• [WHAT IS REQUIRED]: Retype the whole listing verbatim and keep the pictures out of it.

• [INFORMATION SUPPLIED]:

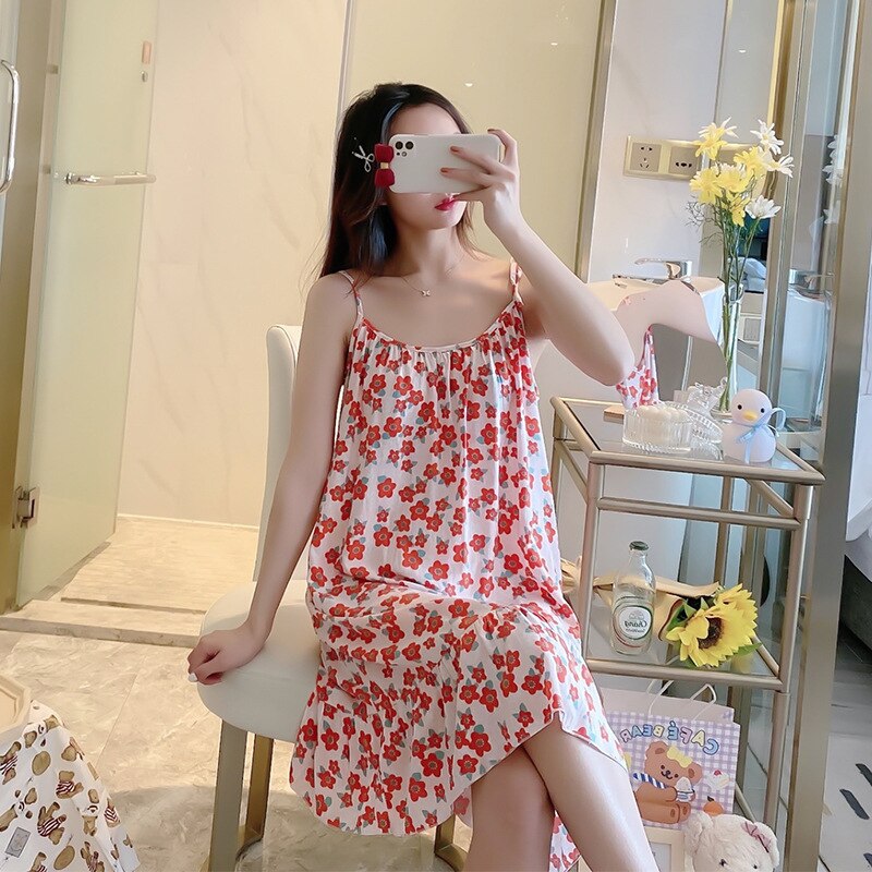 Pyjama robe de nuit en coton à motif fleur rouge
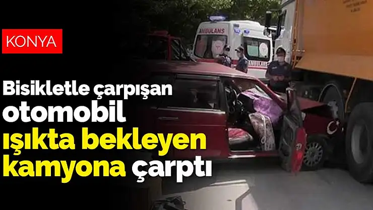 Konya'da bisikletle çarpışan otomobil ışıkta bekleyen kamyona çarptı
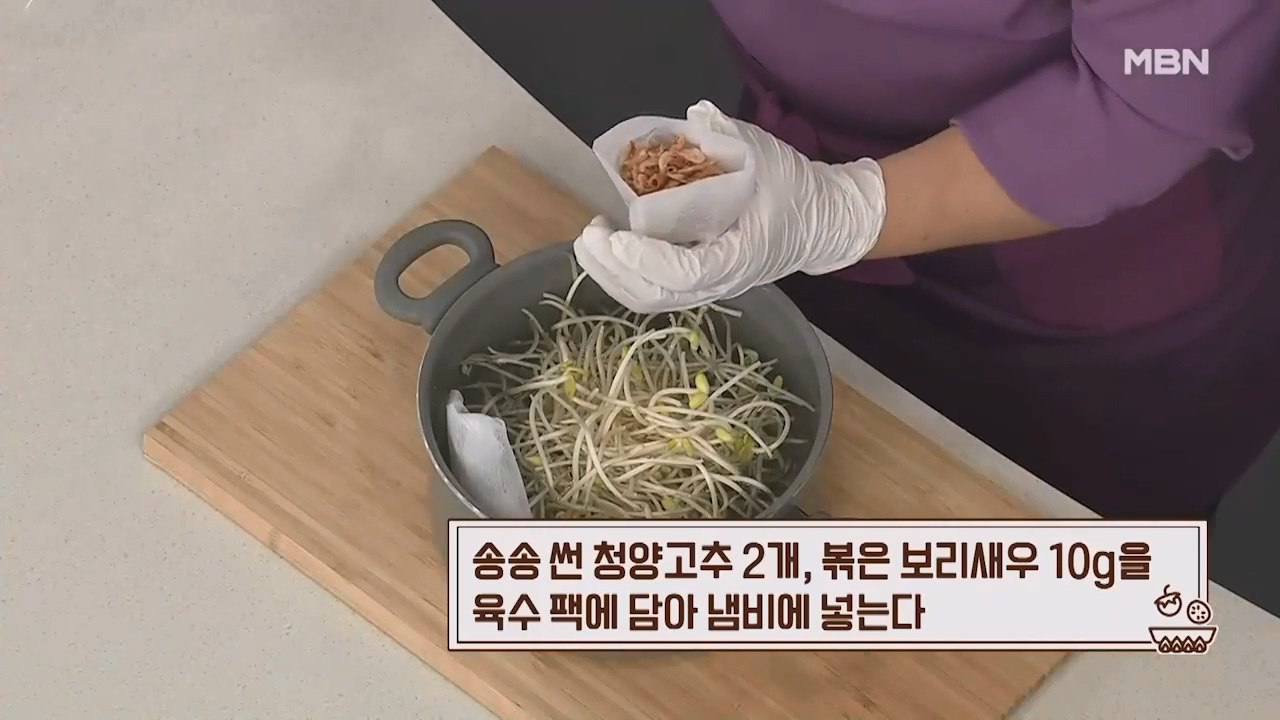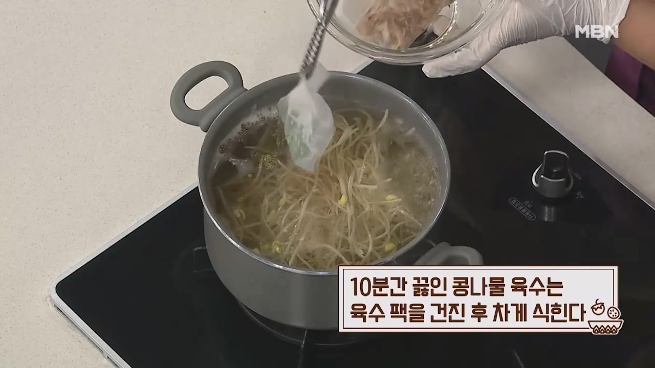 11. 10분간 끓인 콩나물 육수는 육수팩을 건진 후 차게 식혀줍니다.

• [SOLUTION TO THIS TASK]:
 Pyjama robe de nuit en coton à motif fleur rouge
 Konya'da bisikletle çarpışan otomobil ışıkta bekleyen kamyona çarptı
 11. 10분간 끓인 콩나물 육수는 육수팩을 건진 후 차게 식혀줍니다.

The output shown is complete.